# Task instructions:
Copy only what lies from the line containing "Нужно было тогда" through the line containing "Общая площадь 250" in the entries below, keeping both end lines exact and dropping every picture.

(Stored items from a collection)

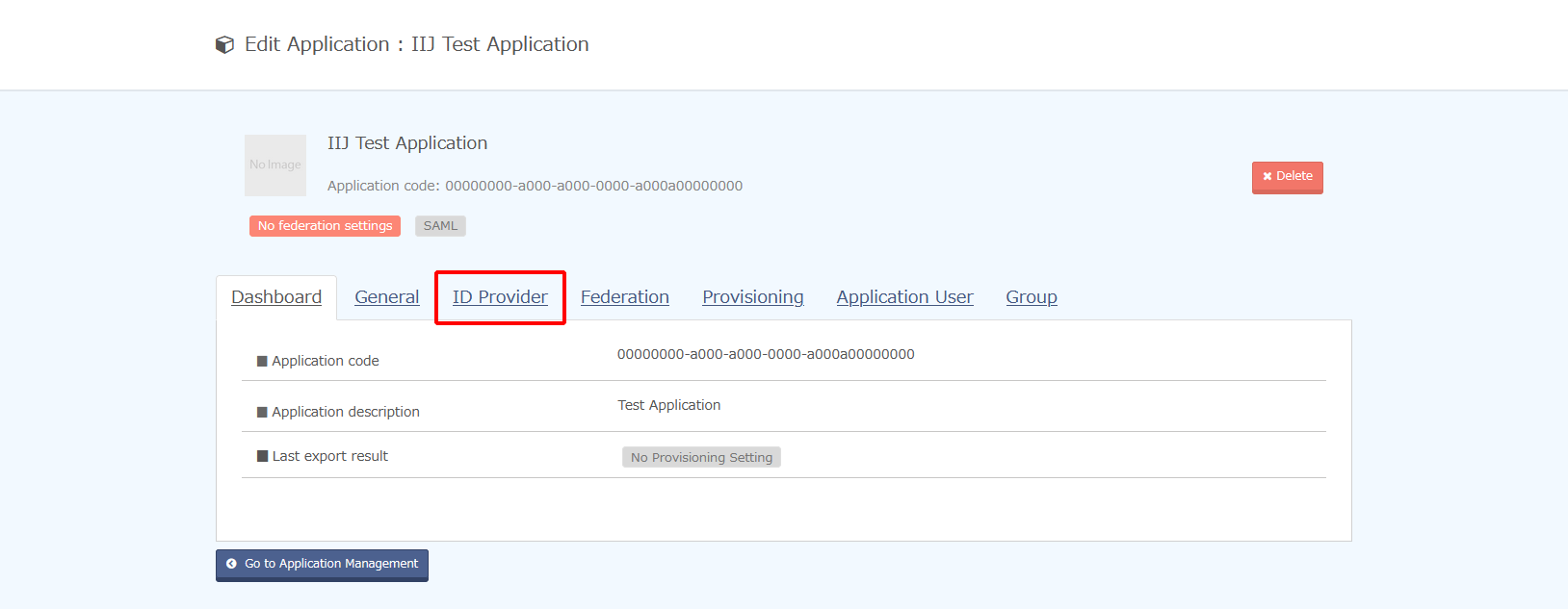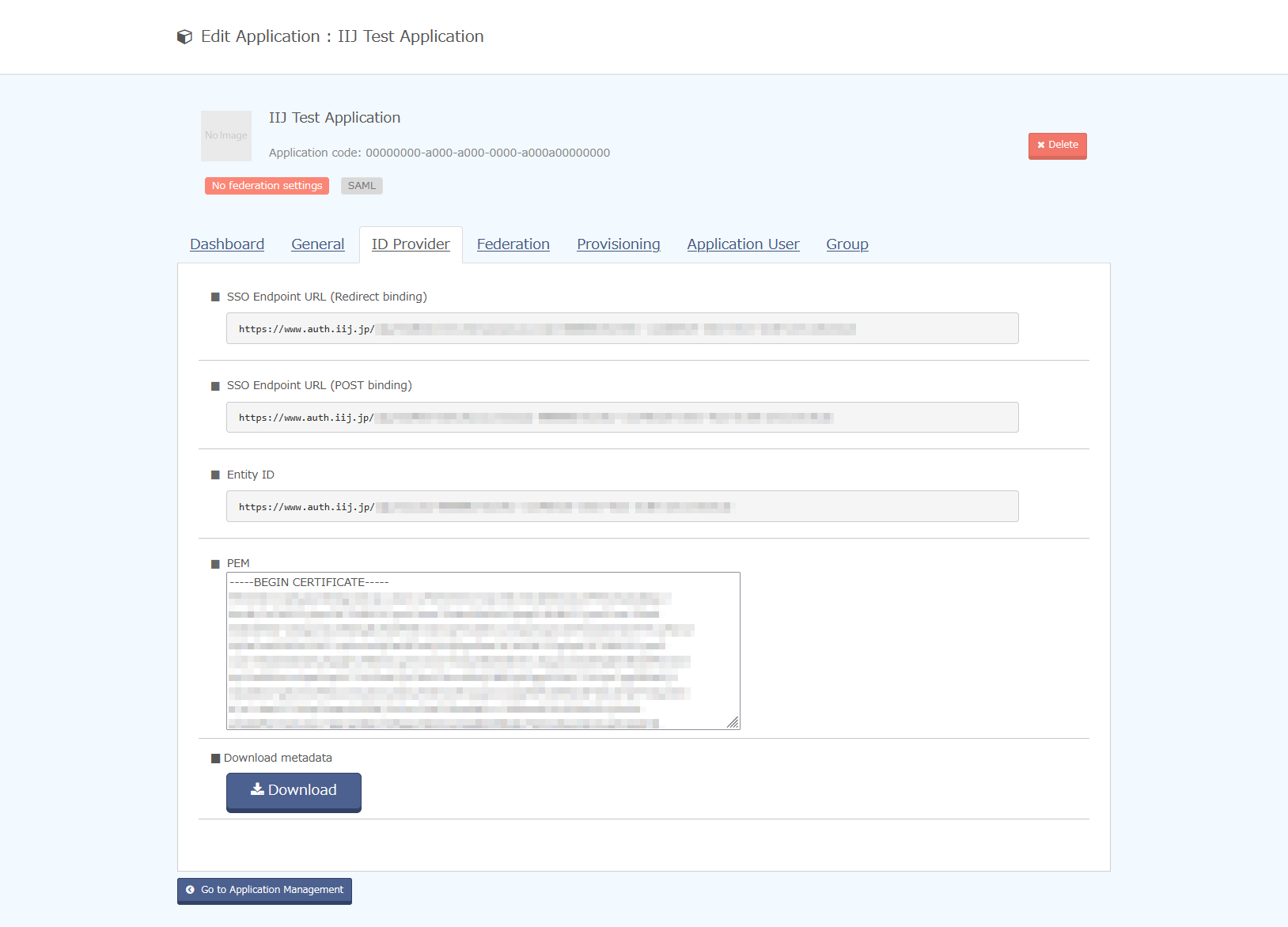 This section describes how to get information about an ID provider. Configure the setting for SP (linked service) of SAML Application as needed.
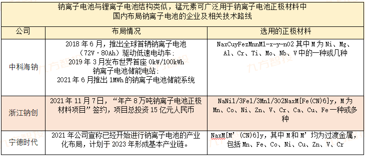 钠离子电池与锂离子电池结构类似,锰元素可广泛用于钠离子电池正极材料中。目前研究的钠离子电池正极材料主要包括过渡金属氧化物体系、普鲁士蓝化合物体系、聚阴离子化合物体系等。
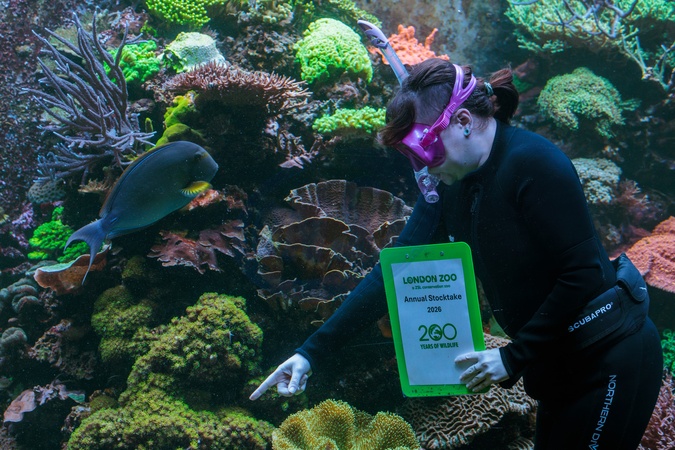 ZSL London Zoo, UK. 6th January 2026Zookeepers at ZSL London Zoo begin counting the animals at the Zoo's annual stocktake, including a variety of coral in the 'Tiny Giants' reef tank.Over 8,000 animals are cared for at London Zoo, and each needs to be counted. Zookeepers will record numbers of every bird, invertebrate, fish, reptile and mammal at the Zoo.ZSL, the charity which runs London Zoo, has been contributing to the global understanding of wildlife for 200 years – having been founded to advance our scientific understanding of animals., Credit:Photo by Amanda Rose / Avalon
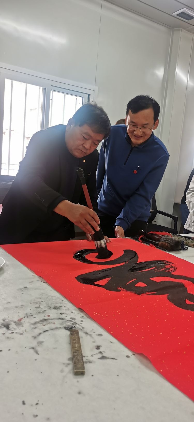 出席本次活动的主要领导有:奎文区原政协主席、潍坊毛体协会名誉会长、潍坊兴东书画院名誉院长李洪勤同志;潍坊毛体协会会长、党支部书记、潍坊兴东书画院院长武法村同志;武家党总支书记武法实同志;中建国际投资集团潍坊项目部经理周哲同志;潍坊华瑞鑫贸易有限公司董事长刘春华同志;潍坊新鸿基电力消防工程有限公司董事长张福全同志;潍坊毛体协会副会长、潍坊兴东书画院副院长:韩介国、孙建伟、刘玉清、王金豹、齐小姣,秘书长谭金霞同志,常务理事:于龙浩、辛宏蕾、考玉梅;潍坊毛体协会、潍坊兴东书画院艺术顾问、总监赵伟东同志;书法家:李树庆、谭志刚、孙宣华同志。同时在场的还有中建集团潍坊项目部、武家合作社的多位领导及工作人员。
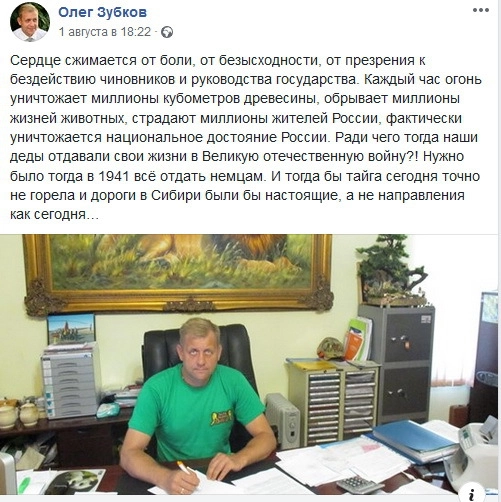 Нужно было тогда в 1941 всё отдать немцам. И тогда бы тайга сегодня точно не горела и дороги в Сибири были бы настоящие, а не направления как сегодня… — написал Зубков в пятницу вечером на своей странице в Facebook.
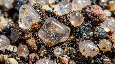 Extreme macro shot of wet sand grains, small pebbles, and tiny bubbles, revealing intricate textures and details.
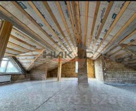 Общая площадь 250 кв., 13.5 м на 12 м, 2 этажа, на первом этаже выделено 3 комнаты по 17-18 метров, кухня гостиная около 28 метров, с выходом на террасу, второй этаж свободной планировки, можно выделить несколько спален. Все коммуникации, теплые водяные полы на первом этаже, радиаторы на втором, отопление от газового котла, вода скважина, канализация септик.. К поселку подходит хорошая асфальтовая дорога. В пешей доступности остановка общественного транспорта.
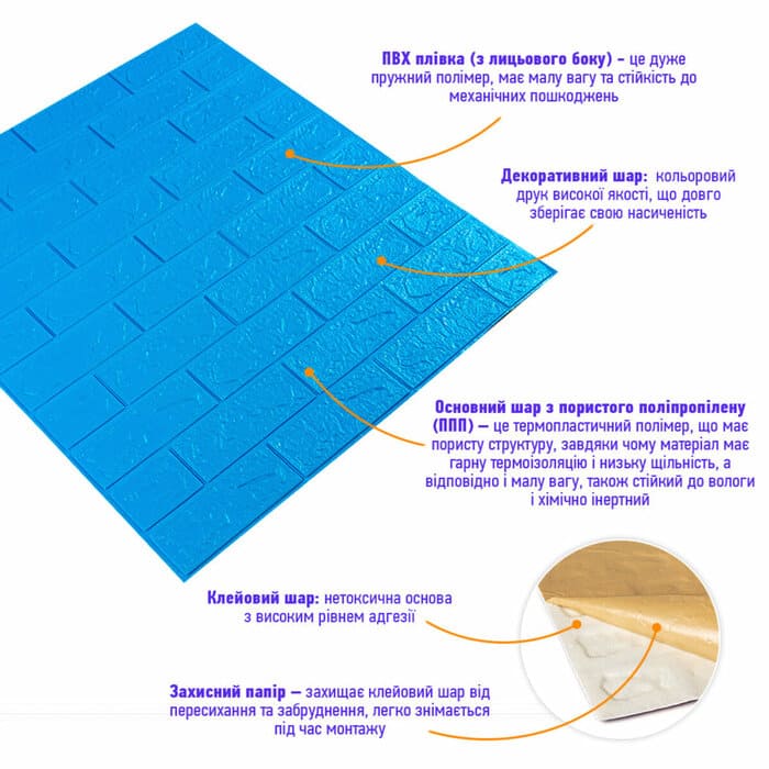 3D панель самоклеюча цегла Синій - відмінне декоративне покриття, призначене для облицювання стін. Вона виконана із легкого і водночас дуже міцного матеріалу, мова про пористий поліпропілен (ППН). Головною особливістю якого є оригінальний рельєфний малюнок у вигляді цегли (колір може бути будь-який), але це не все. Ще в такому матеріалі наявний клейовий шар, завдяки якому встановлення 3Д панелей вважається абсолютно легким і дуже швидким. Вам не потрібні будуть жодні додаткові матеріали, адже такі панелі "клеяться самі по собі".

# Response box:
 Нужно было тогда в 1941 всё отдать немцам. И тогда бы тайга сегодня точно не горела и дороги в Сибири были бы настоящие, а не направления как сегодня… — написал Зубков в пятницу вечером на своей странице в Facebook.
 Extreme macro shot of wet sand grains, small pebbles, and tiny bubbles, revealing intricate textures and details.
 Общая площадь 250 кв., 13.5 м на 12 м, 2 этажа, на первом этаже выделено 3 комнаты по 17-18 метров, кухня гостиная около 28 метров, с выходом на террасу, второй этаж свободной планировки, можно выделить несколько спален. Все коммуникации, теплые водяные полы на первом этаже, радиаторы на втором, отопление от газового котла, вода скважина, канализация септик.. К поселку подходит хорошая асфальтовая дорога. В пешей доступности остановка общественного транспорта.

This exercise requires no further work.